— EXERCISE DETAILS —
Leaving out every picture, please repeat exactly the line that contains "Trinity Optima Production" and each line after it through the final line below.

— INPUT DATA —
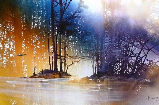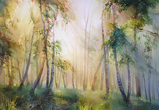 波蘭藝術家瑪爾格札塔?什切欽斯卡是水彩畫畫家。她的畫風輕柔,她創(chuàng)作就像在傾訴自身對自然之美的禮贊。她體悟了森林、微風、綠草、花叢、光線和色彩的融合,并用畫筆將其描繪出來。
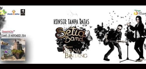 Trinity Optima Production bekerjasama dengan XL, Musik Kamu, Bens Radio dan Thamrin City pada tanggal 20 November 2014 akan mengadakan “KONSER TANPA BATAS” – SETIA Band yang diselenggarakan di Atrium Mezzanin, Thamrin City, Jakarta Pusat.
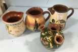 "Cottage" motto ware teapot 4"h., spout green pot "Scandy" 4"h., Rosey Sunset sailing ship cream pitcher 4"h., Scandy cream pitcher, motto ware 4"h. "Cottage" motto ware teapot 4"h., spout green pot "Scandy" 4"h., Rosey Sunset sailing ship cream pitcher 4"h., Scandy cream pitcher, motto ware 4"h.
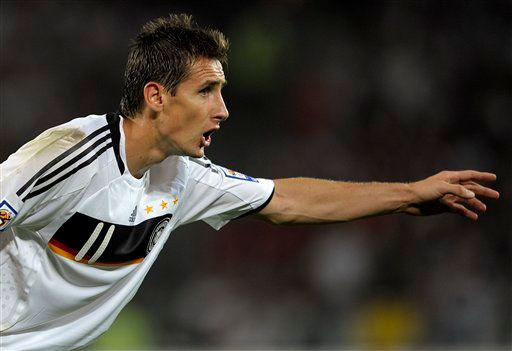 Germany's Miroslav Klose gestures during the World Cup group 4 qualifying match between Germany and Azerbaijan in Hanover, northern Germany on Wednesday Sept. 9, 2009. (AP Photo/Axel Heimken) ** Eds note: German spelling of Hanover is Hannover ** ASSOCIATED PRESS

— SOLUTION FOR THIS TASK —
 Trinity Optima Production bekerjasama dengan XL, Musik Kamu, Bens Radio dan Thamrin City pada tanggal 20 November 2014 akan mengadakan “KONSER TANPA BATAS” – SETIA Band yang diselenggarakan di Atrium Mezzanin, Thamrin City, Jakarta Pusat.
 "Cottage" motto ware teapot 4"h., spout green pot "Scandy" 4"h., Rosey Sunset sailing ship cream pitcher 4"h., Scandy cream pitcher, motto ware 4"h. "Cottage" motto ware teapot 4"h., spout green pot "Scandy" 4"h., Rosey Sunset sailing ship cream pitcher 4"h., Scandy cream pitcher, motto ware 4"h.
 Germany's Miroslav Klose gestures during the World Cup group 4 qualifying match between Germany and Azerbaijan in Hanover, northern Germany on Wednesday Sept. 9, 2009. (AP Photo/Axel Heimken) ** Eds note: German spelling of Hanover is Hannover ** ASSOCIATED PRESS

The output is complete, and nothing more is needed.